Conservation Program
The 1.3 million acre Gifford Pinchot National Forest (GPNF), established in 1908 by Theodore Roosevelt, is one of the oldest national forests in the country. The GPNF is home to a wide array of natural beauty, with pockets of ancient forest, vast roadless areas and pristine creeks tumbling from craggy peaks.
Amongst that beauty lays an immense range of uses including birding, logging , mushroom picking, bough harvest, and abundant recreational opportunities like hunting, fishing, and hiking. The GPNF provides people with the chance to be connected to our land.
While the GPNF still harbors a great richness of biodiversity, it was a workhorse during the heyday of logging in the 1980’s. Logging over 600 million board feet in a single year during its peak and the construction of more than 4,000 miles of roads severely fragmented and degraded the forests, creeks and rivers. While a great need for restoration work exists on the GPNF, a network of healthy and productive areas on the GPNF remains. Protecting important biological refuges by ensuring that environmental standards are met or exceeded and new legislation are sound is always the first step in restoring ecosystems, habitats, and species. Forestlands adjacent to the GPNF also provide excellent habitat that needs to be conserved.

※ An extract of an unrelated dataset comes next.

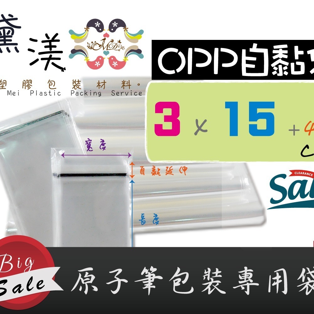 『原子筆包裝專用袋3*15+4cm』透明自黏包裝袋 自黏塑膠袋 (可批發客製尺寸印刷LOGO)黛渼QG0315

- Grazing can have a dramatic affect on rare native plants, such as the pale blue-eyed grass shown here. Photo by Bob Hansen.

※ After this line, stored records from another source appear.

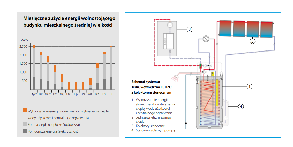 - Elektroniczne zarządzanie pompą ciepła i zbiornikiem buforowym ECH2O maksymalizuje efektywność energetyczną, zapewnia wygodne ogrzewanie i wytwarzanie ciepłej wody użytkowej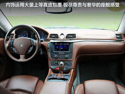 玛莎拉蒂GranTurismo S跑车自动挡的车厢设计不算很大胆,方正的中控台上各种功能分区而设,比较一目了然。一些细节不乏精彩造型,但整体气氛比较稳重,配合宽大的空间,适合长时间置身其中。此外玛莎拉蒂还提供10种皮革颜色、13种缝线颜色、5种地毯颜色、3种木材等搭配,车主几乎对车厢内任何一寸细小部位都有选择权。
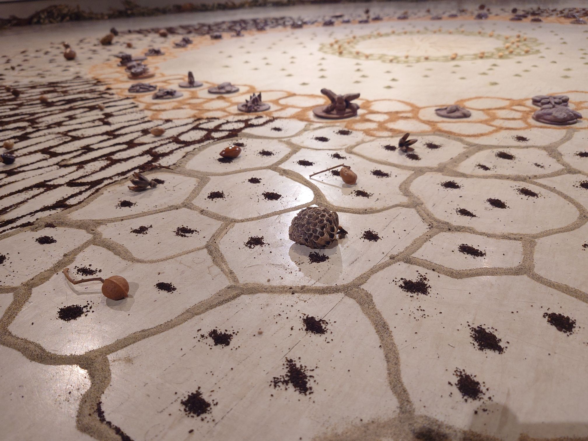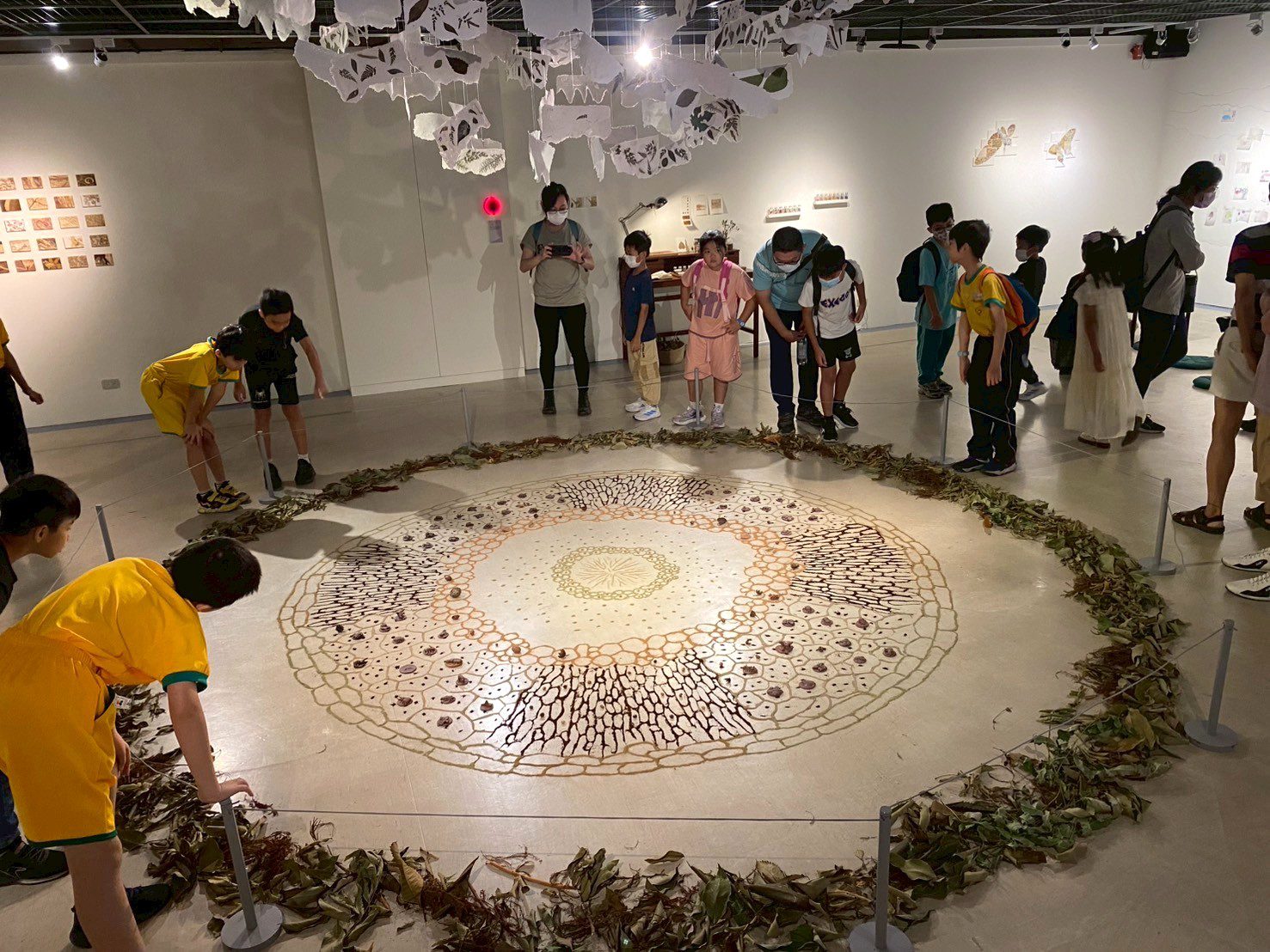 文化局表示,此展匯集了她的重要創作,包括榮獲台灣美術新貌獎的〈觀想〉,以植物粉塵凝視存在的無常;〈蜂作為橋樑的隱藏者〉,以纖維與蜂巢探討蜜蜂在農業與自然之間的重要角色。此外,此展更攜手太平學童創作以台中為主題意象的兩件新作:〈植拓山脈〉以回收紙漿與在地植物拼貼成山巒,象徵守護生態的祈願;〈物共生〉則以砂畫的手法,用細胞圖騰及孩子們以在地泥土捏塑的生物,隱喻土地與生命的共生。

To recover thriving fish and wildlife populations and to protect community water sources, the Task Force continues to work to protect our public lands from destructive mining, grazing, timber practices, and more. When we act to finally protect remaining mature and ancient forests and roadless areas, we will be able to look to the future with more confidence that we can successfully restore the biodiversity and resilience of our forest and watersheds.